Wednesday, February 22, 2012

Firebird V2.0.7


We are currently preparing to release Firebird 2.0.7, since I take responsibility for the Mac builds, I did a 2.0.7 build on MacOSX 10.7 using the development tools installed by XCode 4.1 (gcc 4.2.1 etc). I set up the relevant environment variables for this older 32bit only build CFLAGS, CXXFLAGS, LD_FLAGS and also set the MACOSX_DEPLOYMENT_TARGET=10.4. The builds completed without any problems, some simple tests on MacOSX 10.7 showed no problems.

Now - Imagine my surprise when Philippe told me that when he tried to QA the builds on MacOSX 10.5 we got this error on SuperServer startup.

Process: fbserver [623]
Path:
/Library/Frameworks/Firebird.framework/Resources/English.lproj/var/bin/fbserver
Identifier: fbserver
Version: ??? (???)
Code Type: X86 (Native)
Parent Process: fbguard [310]

Date/Time: 2012-02-09 09:42:13.939 +0100
OS Version: Mac OS X 10.5.8 (9L31a)
Report Version: 6
Anonymous UUID: FA7F8C0C-581B-4153-ADBE-2BCB59C5F823

Exception Type: EXC_BREAKPOINT (SIGTRAP)
Exception Codes: 0x0000000000000002, 0x0000000000000000
Crashed Thread: 0

Dyld Error Message:
Symbol not found: ___moddi3
Referenced from:
/Library/Frameworks/Firebird.framework/Resources/English.lproj/var/bin/fbserver
Expected in: /usr/lib/libSystem.B.dylib

A simple nm and grep shows the following for the 10.5 libSystem.B.dylib

nm /usr/lib/libSystem.B.dylib | grep moddi3
00083490 t ___moddi3
0003df70 t ___umoddi3

On 10.5 ___moddi3 is defined in libgcc_s.1.dylib which links to libsystem.B.dylib

From what I can gather these *moddi3 symbols are routines for doing 64bit maths on 32bit systems.

However the same on 10.7 returns nothing, however the symbols can be found in libgcc_s.10.5.dylib which does not link to libgcc_s.1.dylib hence the missing symbols message.
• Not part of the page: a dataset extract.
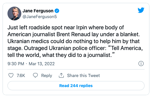 Brent Renaud遇害时在附近的PBS Newshour记者Jane Ferguson在社交媒体上说:“刚刚离开Irpin附近,美国记者Brent Renaud的尸体在一条毯子下面。乌克兰医护人员对此无能为力。愤怒的乌克兰警察说:’告诉美国,告诉世界,他们对一个记者做了什么’。”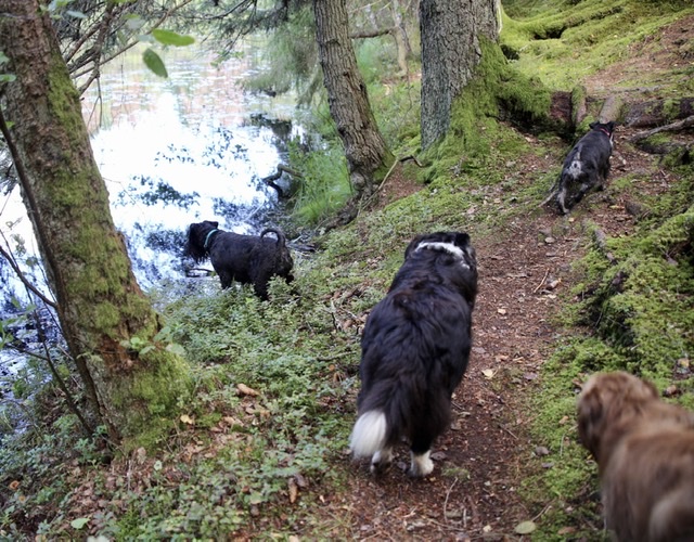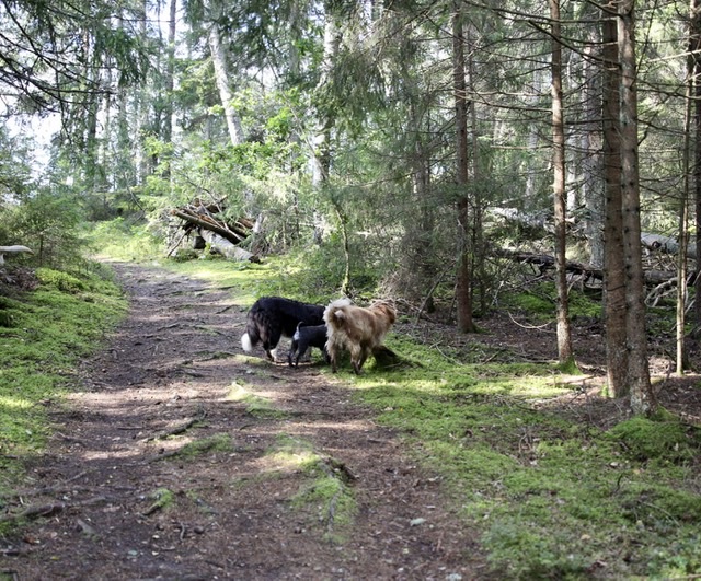 Efter ett tag kom vi in i skogen och vi fick va på fria tassar.

Supposedly this can be fixed by linking explicity to to libgcc_s.10.5.dylib
using -lgcc_s.10.5. I got round it by booting up my copy of Snow Leopard (10.6) and
building Firebird 2.0.7 there instead of on MacOSX 10.7

So basically if you want to buld an application that is deployable on 10.5 or less, you can't - unless you know how to get around the above problem. Its as if although you can build 32bit applications for 32bit versions of MacOSX, they won't run, because they are incompatible with any version of the OS less than 10.6.